Dal complesso delle disposizioni che definiscono i compiti del giudice tutelare, si potrebbe affermare che questi riveste un ruolo sostanzialmente di parte, nel senso che la sua azione è orientata all’esclusivo interesse di soggetti la cui capacità è giuridicamente limitata per effetto dell’età (minori di età) ovvero per effetto dell’applicazione di una misura di protezione (interdetto, inabilitato, beneficiario dell’amministrazione di sostegno).
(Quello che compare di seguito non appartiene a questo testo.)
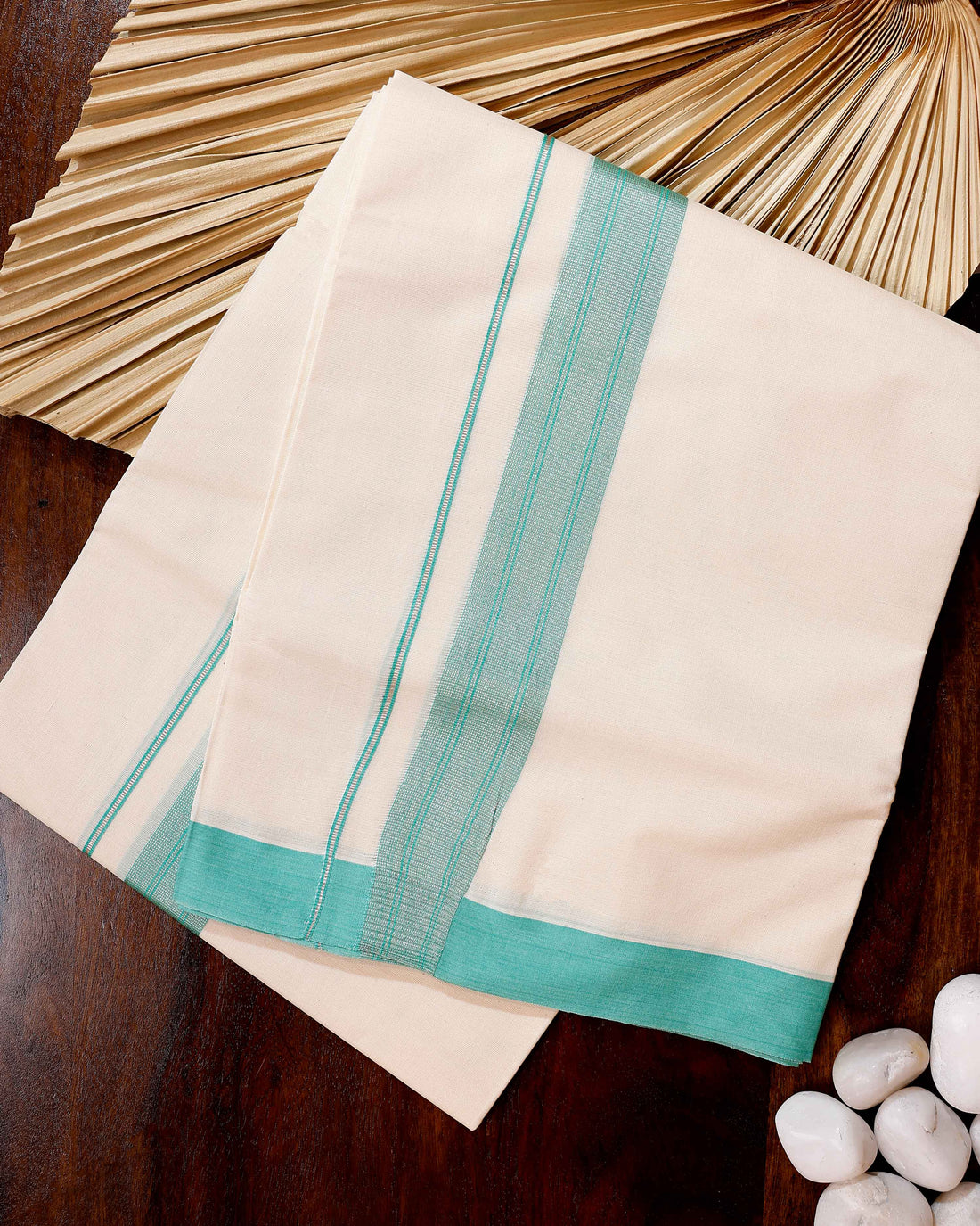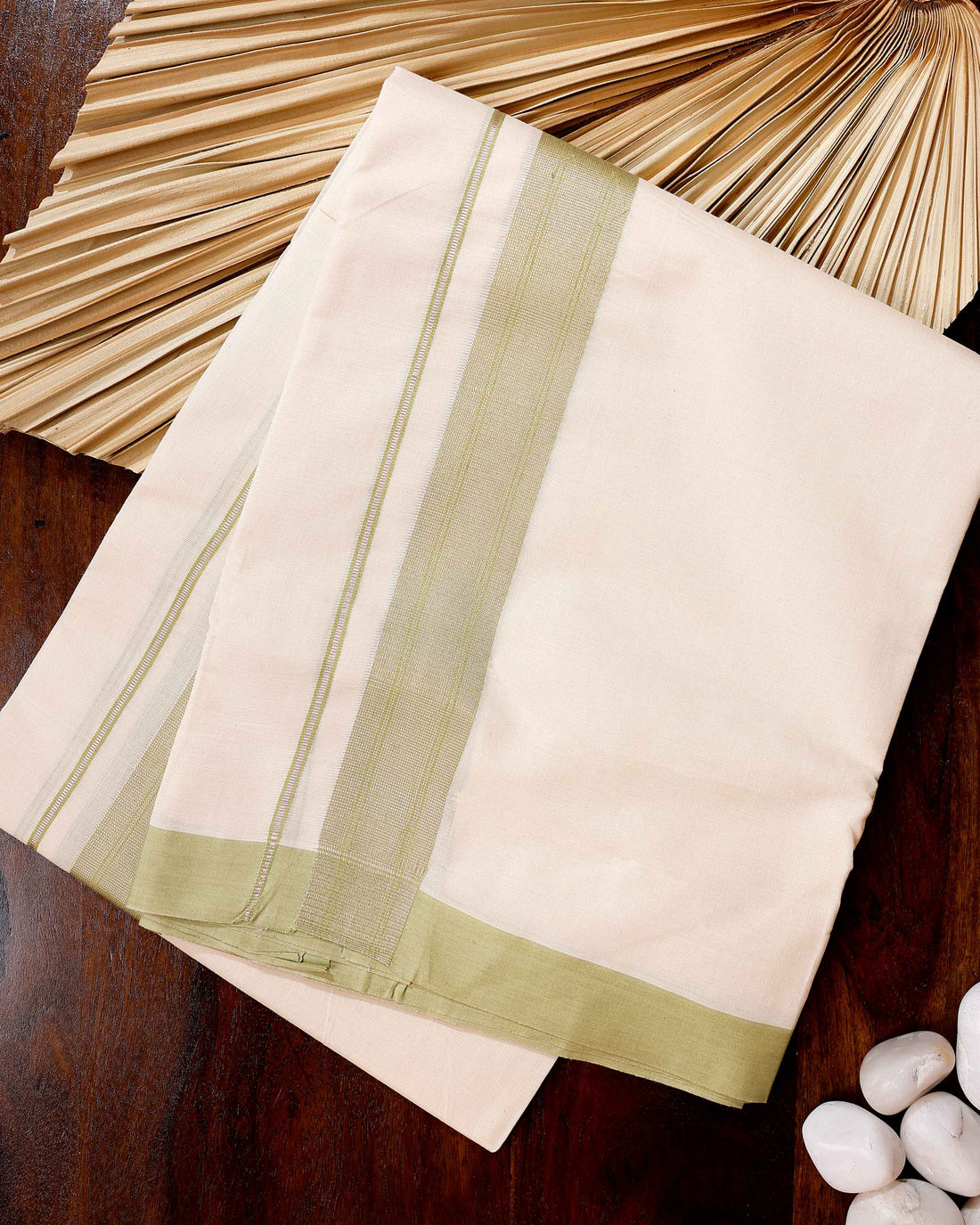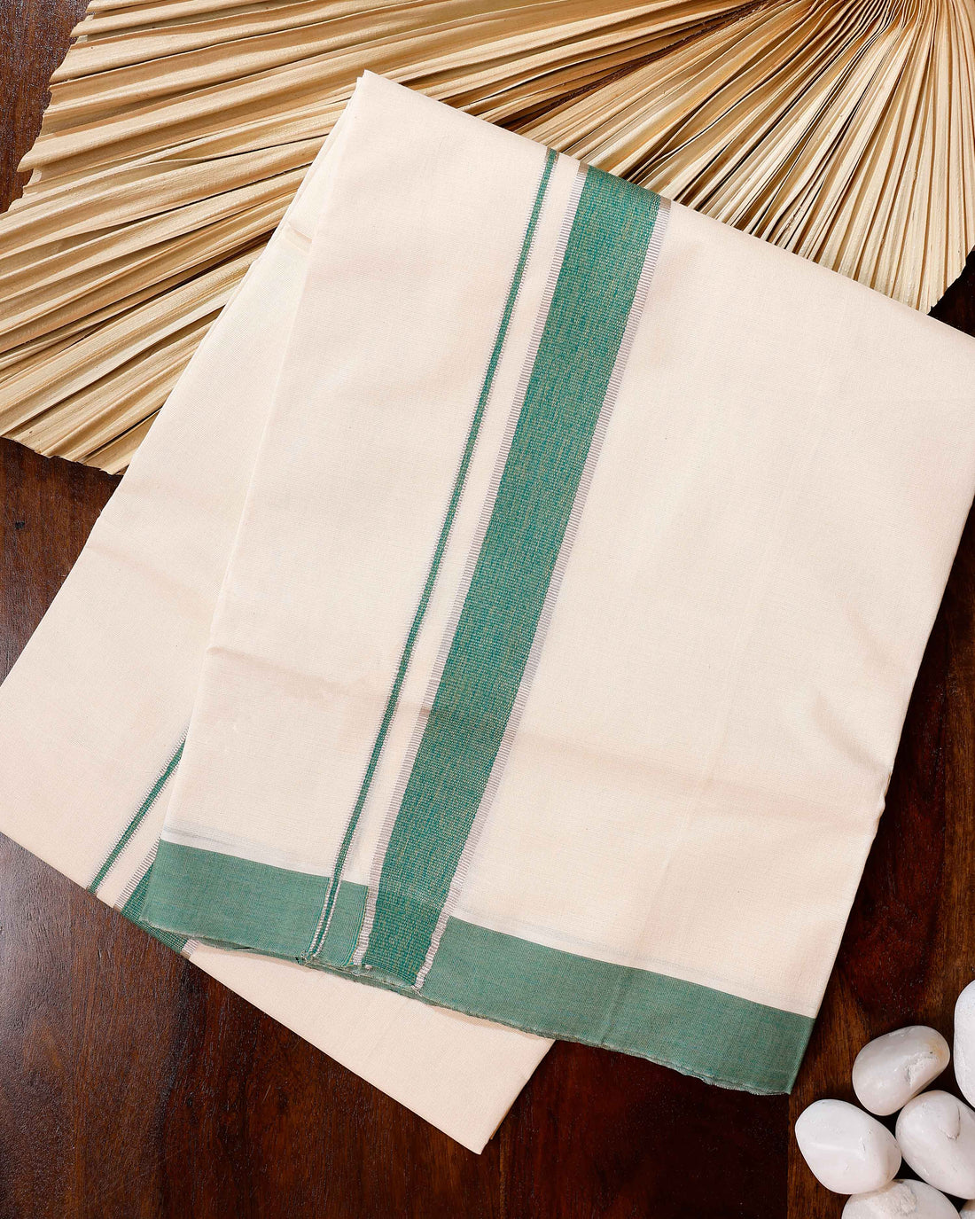 Traditional Handwoven Cotton Dhoti with Green Border and Elegant Finish - Off White

Ma è proprio nell’ambito dell’amministrazione di sostegno – la cui attuale rilevanza sociale è innegabile – che il giudice tutelare assume un ruolo pregnante, perché è proprio con la legge n. 6/2004 che quell’interesse di parte viene presidiato dalla previsione espressa dell’obbligo da parte del giudice di tener conto della volontà della persona beneficiaria, con la minore limitazione possibile della sua capacità.
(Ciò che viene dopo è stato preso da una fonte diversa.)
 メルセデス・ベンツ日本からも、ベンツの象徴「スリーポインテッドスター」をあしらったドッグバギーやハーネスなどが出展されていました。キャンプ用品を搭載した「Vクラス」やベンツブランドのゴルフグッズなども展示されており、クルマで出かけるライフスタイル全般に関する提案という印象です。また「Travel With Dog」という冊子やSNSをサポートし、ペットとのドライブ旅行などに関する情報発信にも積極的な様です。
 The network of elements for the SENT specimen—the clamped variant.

La disciplina dell’amministrazione di sostegno è, invero, maggiormente improntata al rispetto della dignità e alla valorizzazione dell’autodeterminazione della persona, in piena consonanza con i valori espressi dalla Costituzione, che colloca al centro dell’ordinamento giuridico la persona umana, non più considerata come subordinata alle esigenze superiori dello Stato.
Il peso assegnato all’autodeterminazione nell’amministrazione di sostegno assume, poi, una portata rivoluzionaria specie nella materia dei diritti personalissimi, dove l’impossibilità della sostituzione da parte di un soggetto terzo ha condotto alla sostanziale perdita di tali diritti per coloro che sono sottoposti alla misura dell’interdizione.
Come vedremo nei successivi paragrafi, compito del giudice tutelare è, dunque, quello di tracciare i limiti dell’azione dell’amministratore di sostegno e non comprimere inutilmente quei diritti quando gli stessi possano essere esercitati dalla persona, anche eventualmente con l’assistenza dell’amministratore di sostegno.
In via complementare a tale azione di tutela – volta a non comprimere, laddove non necessario, la libertà di autodeterminazione del soggetto – si accompagna un ruolo proattivo del giudice tutelare, diretto a consentire la piena realizzazione degli obiettivi della misura di protezione e la predisposizione da parte dei servizi socio-sanitari preposti del progetto di vita personalizzato e del progetto terapeutico. {p. 379}
Nell’ottica di un esercizio effettivo ed efficace delle sue funzioni, ai sensi dell’articolo 344, comma 2, c.c. il giudice tutelare può, infatti, sempre chiedere l’assistenza degli organi della Pubblica Amministrazione e degli enti i cui scopi corrispondono alle funzioni.
In materia di amministrazione di sostegno, il ruolo collaborativo e di assistenza dei servizi sociali è particolarmente valorizzato.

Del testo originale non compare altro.